Net zoals voor drie jaar zijn we te vroeg bij de piepkleine markt. Aan volk geen gebrek. Alle vrouwen wachten op de komst van de “boeren”. Hier drink je geen koffietje in afwachting maar een overheerlijke, frisse kokosnoot . We keren naar huis met zeker 3 kg bananen ( het kleine bovenste kransje van een hele stam bakbananen) en 2 kg aelan kabis (spinazie) in een bananenblad. Heeft deze tocht, met al onze bagage, te veel van ons gevergd. Wie zal het zeggen?
De volgende dag voelt Tony zich ziek. Is het covid, een verkoudheid, een griepje?
Ik kan niet achterblijven en krijg twee dagen later keelpijn, een loopneus en pijn in mijn gewrichten.
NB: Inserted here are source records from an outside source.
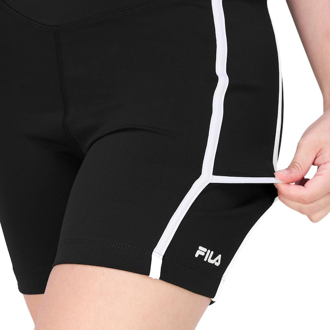 - Detalhamento: Cós elástico, escrita Fila aplicado próximo à barra no lado esquerdo, tecido confortável e de leve compressão. Bolsos invertidos nas laterais para as bolinhas de tênis, detalhes de costura na cor branca conferindo mais estilo à peça;
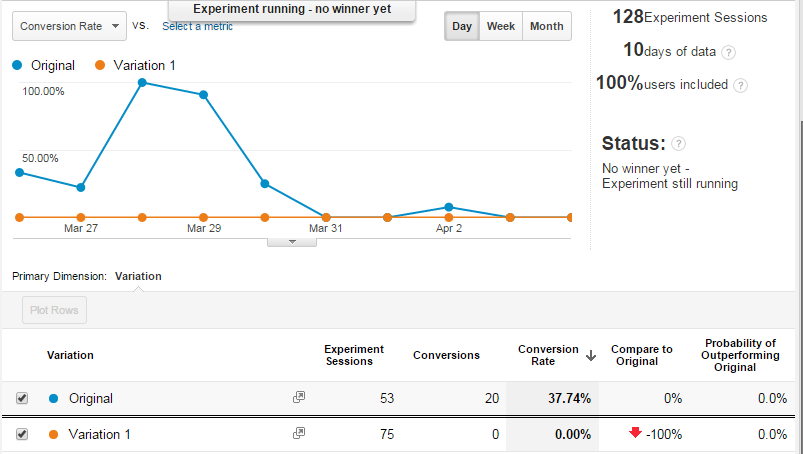 Hi, Please look at Image 4 -- the experiment sessions to both the original and the variation 1 are clearly shown as 53 and 77 respectively. The other metrics such as pages/sessions avg. session duration bounce rate and % new sessions are also shown. But in Image 2 no Goal Conversions. Thanks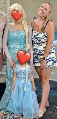 I went two sizes down in this one, but would’ve been better with only one. Still worked out—wore this set for a “frozen” themed birthday party.

Plaatselijke dorpen bezoeken, je moet daar toch mee oppassen ! Weten we wel.
Op een eenzame ankerplek in Port Stanley zieken we verder uit.



Langs de weg naar Lamap, tankstation in een container. 



Bananen kopen in Lamap . 


Positie : Port Sandwich – Malekula – Vanuatu.


Klassiek beeld in de Maskelyne Islands, zo genoemd naar een bemanningslid van captain Cook, 
de outrigger wacht op terugkerende farmers. 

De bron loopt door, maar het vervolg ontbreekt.